On the other hand, although our values of FDG activity in the parasternal intercostals and triangularis sterni were primarily related to the act of breathing at the time of the study, they must have been affected by other factors. The parasternal intercostals in several animals of the study had repeated fasciculations throughout the period during which breathing was recorded; these spontaneous contractions, combined with the increased blood flow due to the expiratory contraction of the triangularis sterni, may have obscured the difference in inspiratory activity between the third and the fifth interspace. Perhaps more importantly, energy production by any particular muscle derives not only from plasma glucose but also from the glycogen stored in the muscle (19). Starvation depletes endogenous glycogen, and it is well established that after refeeding, the rate of glycogen deposition in skeletal muscles, including the diaphragm, closely depends on the extent of glycogen depletion (21).
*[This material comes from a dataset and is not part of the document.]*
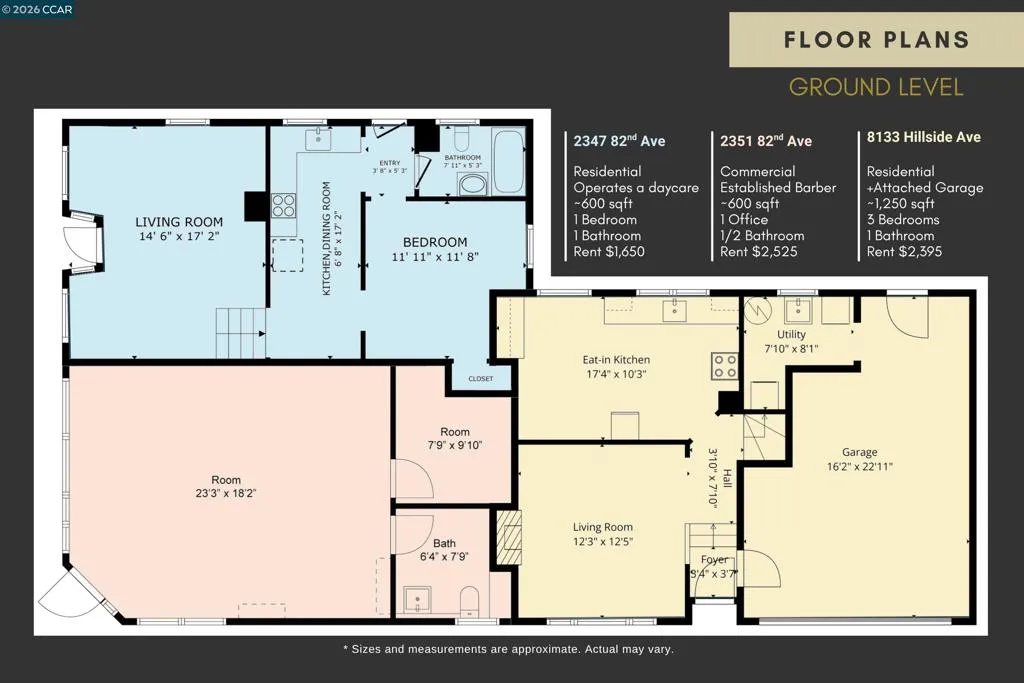 Strong, CASH-FLOWING mixed-use opportunity combining two residential units and a corner storefront for diversified, stable income. The retail space is leased to a well-established barber shop with a consistent operating history, providing dependable revenue. The primary residential unit, with frontage on Hillside St, offers ~1,250 sq ft across three levels with 3 bedrooms, 1 bath, an attached garage, dedicated laundry room, and direct access to the backyard - currently rented at close-to-market rate. The second unit, zoned residential, presently operating as a family day-care (permitted use). The unit features a kitchen, full bath, and a bedroom, opening the door to multiple use scenarios. In-place rents total $6,570/month ($78,840 annually), delivering immediate cash flow (7-8% cap rate!) with additional upside potential. The property is well maintained with sewer lateral compliance certificate and sidewalk cleared for certification. Full inspection reports are available. Positioned with convenient access to I-580, I-880, and public transit, the location connects easily to major employment hubs across Oakland and the broader East Bay. Nearby parks, neighborhood retail, and community services support strong tenant demand and long-term stability. A versatile, income-producing asset with multiple income streams and room to grow. Ideal for investors seeking both performance and flexibility. Shown by appointment. Reach out for disclosures, pro forma, and offering memorandum.

Because our animals were studied after a 16-h fast, FDG uptake in the parasternal intercostals was therefore determined by the extent of glycogen depletion at the onset of the study as well as by the metabolic activity during the study. It is possible that the distribution of parasternal inspiratory activity before the study, i.e., when the animals were unanesthetized and moving freely, was different from that during the period of recording. That is, the inspiratory mechanical advantage of the parasternal intercostals and the neural input to the muscles in standing dogs might peak in the fifth, rather than the third, interspace. Alternatively, the fifth parasternal intercostal in such animals might be more involved than the third in producing movements of the trunk. In either case, glycogen depletion in the fifth interspace would be more severe than in the third interspace, leading to an augmented FDG uptake.

Despite these drawbacks, the assessment of metabolic activity by using FDG has a major advantage over electrical measurements in that it allows for quantitative comparisons between respiratory and nonrespiratory muscles as well as between muscles active in different phases of the breathing cycle. Such comparisons in our animals indicate that metabolic activity per unit muscle mass was greater both in the medial parasternal bundles and in the triangularis sterni than in the right ventricular myocardium. Also, metabolic activity per unit contraction time was greater in the medial parasternal bundles of the first through sixth interspaces than in the triangularis sterni (Fig. 4). However, after baseline (scalene) activity was subtracted, triangularis sterni activity in all interspaces still amounted to 30% of the entire (medial plus middle plus lateral) parasternal activity. This finding further supports the idea that in the dog, contraction of the triangularis sterni during expiration is a significant component of the act of breathing (8).